#### Task to complete
Output every line of the material exactly, omitting images.

Records supplied Block Start

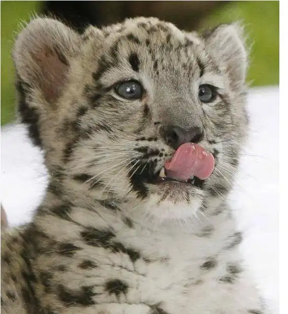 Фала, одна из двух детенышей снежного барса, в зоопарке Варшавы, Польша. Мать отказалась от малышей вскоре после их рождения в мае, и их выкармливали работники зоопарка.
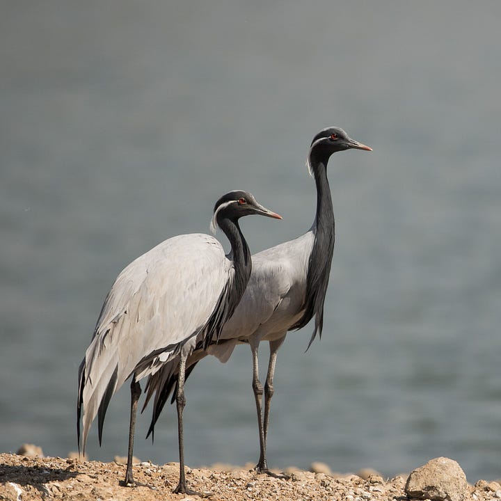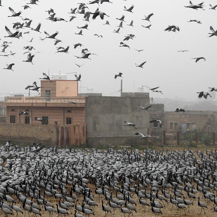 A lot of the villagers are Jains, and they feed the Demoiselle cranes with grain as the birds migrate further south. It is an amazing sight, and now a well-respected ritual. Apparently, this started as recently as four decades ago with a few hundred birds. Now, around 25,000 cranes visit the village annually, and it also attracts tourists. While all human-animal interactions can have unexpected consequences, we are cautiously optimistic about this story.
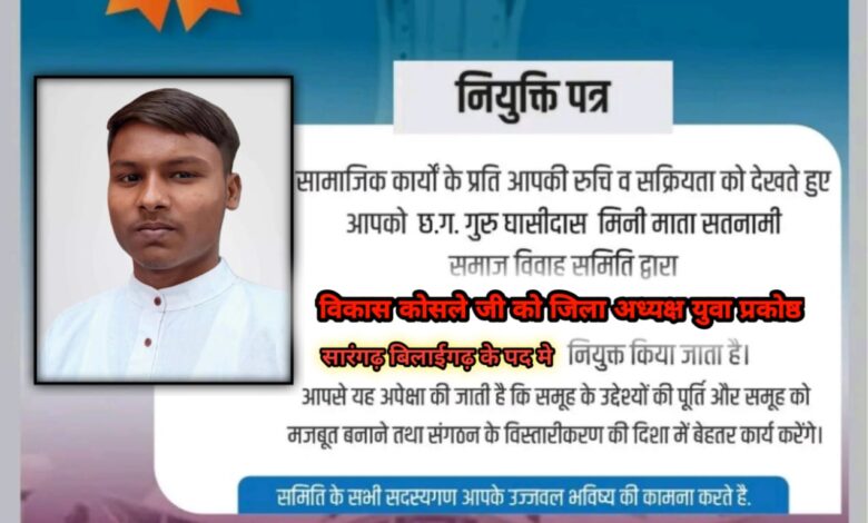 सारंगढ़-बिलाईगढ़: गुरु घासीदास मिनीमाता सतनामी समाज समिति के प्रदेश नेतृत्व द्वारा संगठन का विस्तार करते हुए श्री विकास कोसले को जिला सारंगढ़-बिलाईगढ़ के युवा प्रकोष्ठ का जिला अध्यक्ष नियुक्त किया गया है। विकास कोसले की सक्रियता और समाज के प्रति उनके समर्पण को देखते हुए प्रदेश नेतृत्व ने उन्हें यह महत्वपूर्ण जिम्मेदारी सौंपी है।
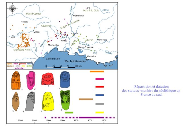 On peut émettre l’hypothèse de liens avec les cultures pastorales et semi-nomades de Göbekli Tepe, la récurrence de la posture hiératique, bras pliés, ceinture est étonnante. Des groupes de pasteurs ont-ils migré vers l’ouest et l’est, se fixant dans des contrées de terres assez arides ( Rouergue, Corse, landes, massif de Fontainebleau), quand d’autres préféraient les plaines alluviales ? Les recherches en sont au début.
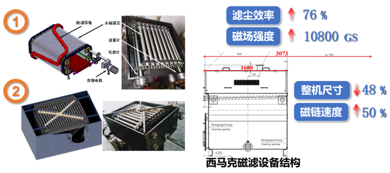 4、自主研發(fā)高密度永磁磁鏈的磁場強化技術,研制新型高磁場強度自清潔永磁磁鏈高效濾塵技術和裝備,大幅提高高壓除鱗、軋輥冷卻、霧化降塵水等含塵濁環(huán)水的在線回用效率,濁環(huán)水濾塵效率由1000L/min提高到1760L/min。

Records supplied Block End

#### Solution to this exercise
 Фала, одна из двух детенышей снежного барса, в зоопарке Варшавы, Польша. Мать отказалась от малышей вскоре после их рождения в мае, и их выкармливали работники зоопарка.
 A lot of the villagers are Jains, and they feed the Demoiselle cranes with grain as the birds migrate further south. It is an amazing sight, and now a well-respected ritual. Apparently, this started as recently as four decades ago with a few hundred birds. Now, around 25,000 cranes visit the village annually, and it also attracts tourists. While all human-animal interactions can have unexpected consequences, we are cautiously optimistic about this story.
 सारंगढ़-बिलाईगढ़: गुरु घासीदास मिनीमाता सतनामी समाज समिति के प्रदेश नेतृत्व द्वारा संगठन का विस्तार करते हुए श्री विकास कोसले को जिला सारंगढ़-बिलाईगढ़ के युवा प्रकोष्ठ का जिला अध्यक्ष नियुक्त किया गया है। विकास कोसले की सक्रियता और समाज के प्रति उनके समर्पण को देखते हुए प्रदेश नेतृत्व ने उन्हें यह महत्वपूर्ण जिम्मेदारी सौंपी है।
 On peut émettre l’hypothèse de liens avec les cultures pastorales et semi-nomades de Göbekli Tepe, la récurrence de la posture hiératique, bras pliés, ceinture est étonnante. Des groupes de pasteurs ont-ils migré vers l’ouest et l’est, se fixant dans des contrées de terres assez arides ( Rouergue, Corse, landes, massif de Fontainebleau), quand d’autres préféraient les plaines alluviales ? Les recherches en sont au début.
 4、自主研發(fā)高密度永磁磁鏈的磁場強化技術,研制新型高磁場強度自清潔永磁磁鏈高效濾塵技術和裝備,大幅提高高壓除鱗、軋輥冷卻、霧化降塵水等含塵濁環(huán)水的在線回用效率,濁環(huán)水濾塵效率由1000L/min提高到1760L/min。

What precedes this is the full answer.